After receiving sanctions for unregistered protest activities, two members of Climate Justice at Boston College (CJBC) are appealing their disciplinary probation status, arguing that the University conduct system wrongly adjudicated their cases. Sissi Liu, A&S ’17, and Bobby Wengronowitz, GA&S ’19, received disciplinary probation after last month’s unregistered vigil for climate change hosted by CJBC.
Liu received a warning after the die-in in St. Mary’s Hall in December, and another after the vigil, which she says she did not attend. She believes that she received probation because she was marked as an organizer for CJBC after she applied for the permit for the Rights on the Heights Rally in December.
“The term ‘organizer’ is very ambiguous and problematic in itself,” Liu said. “CJBC has a flat structure—everyone is an organizer.”
According to Liu, the vigil was not awarded a permit because CJBC is not a registered student organization, and because the weather was bad that day. Though Liu did apply for CJBC’s right to protest in December, she did not apply for the permit for the vigil herself. Four members of CJBC received disciplinary action for the vigil. Richard DeCapua, the associate dean for student conduct, said that because the event was unpermitted, organizers would face repercussions.
“I was not even there,” she said. “I didn’t even attend the event because I had class at 3. So I went at 2:55, and snapped a picture, and said hi to a few people, and did a chant, and then ran to class. So I am not officially associated with this event in any fashion whatsoever.”
Last semester, 21 students received letters regarding potential disciplinary action after the die-in. At least two of these students, however, were not at the die-in, according to Liu. Wengronowitz was told that he was put on disciplinary probation because he was seen as having had an organizing role in the climate change vigil. Wengronowitz, who believes that the vigil should have been permitted, was given two reasons that it was not: CJBC is not an RSO and there were liability concerns. He plans to appeal based on the claim that the vigil should have been permitted.

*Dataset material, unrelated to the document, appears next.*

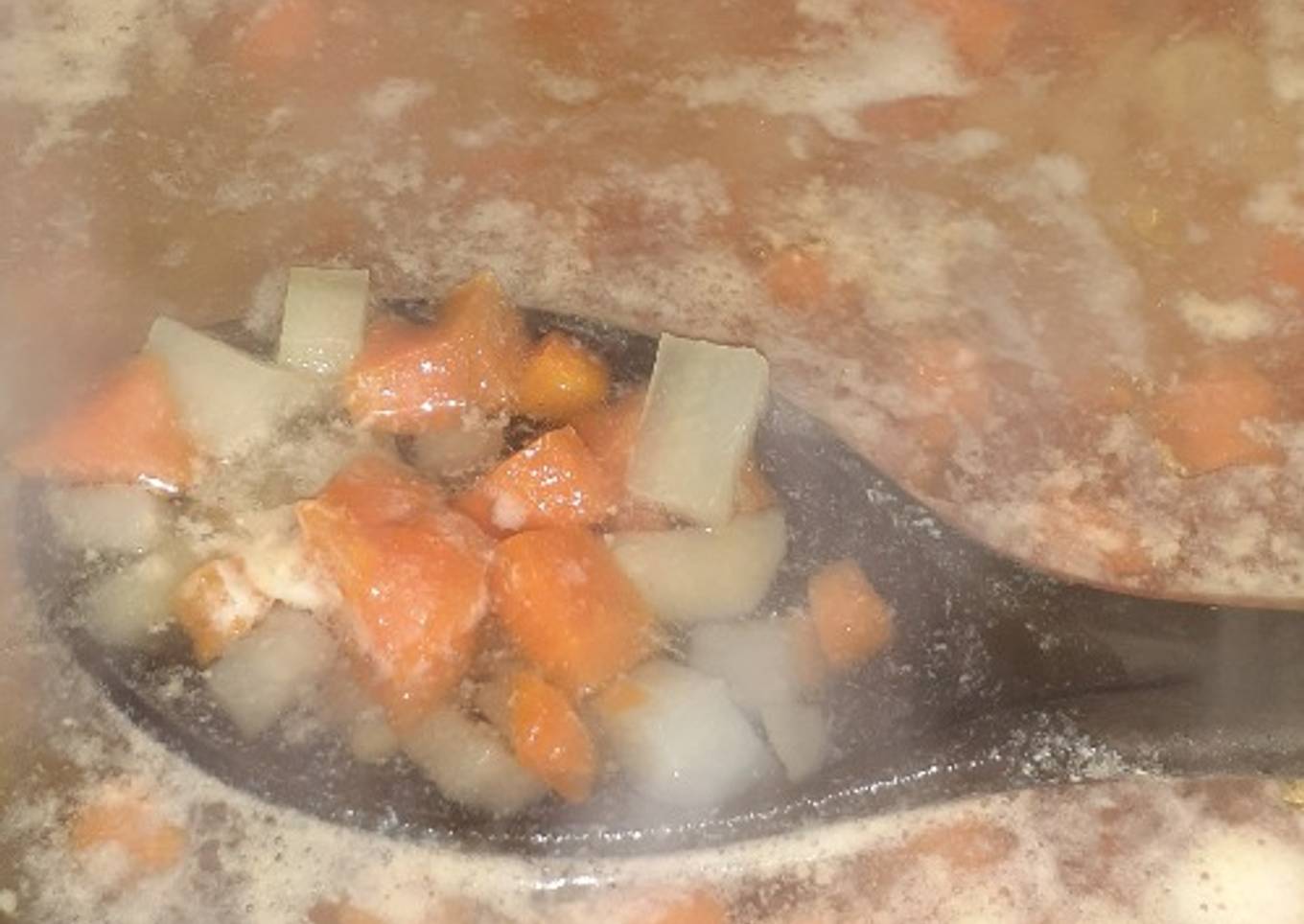 - Pele las papas y las zanahorias, y córtelas en cubitos para que sea más fácil su cocción, en el caldo que quedo del pollo ahí pondrá a hervir las verduras y agregar la pizca de orégano y pimienta al gusto. Rectifique la sal.

“I want to be clear, I was punished because I tried to follow the rules,” he said in an email. “That is, I was punished because I had informed the Dean of Conduct’s office that we intended to carry-out the protest, even though we did not receive the permit.”
The policy outlined in section four of the BC student guide states, “The Dean reserves the right to determine the time and place of any public demonstration. Participation in a demonstration without prior authorization could result in conduct action.”
“Participation can be defined as planning/organizing an event, physically participating in an event, and/or both,” DeCapua said in an email.
Liu said that this disciplinary action was arbitrary and makes her feel threatened—she feels the sanctions were meant to discourage her from being associated with controversial events in the future.
“I think that this shouldn’t scare us or back us down at all,” she said. “It should enrage us more and enrage more people, knowing that if this is happening to your fellow students, this could be happening to you too.”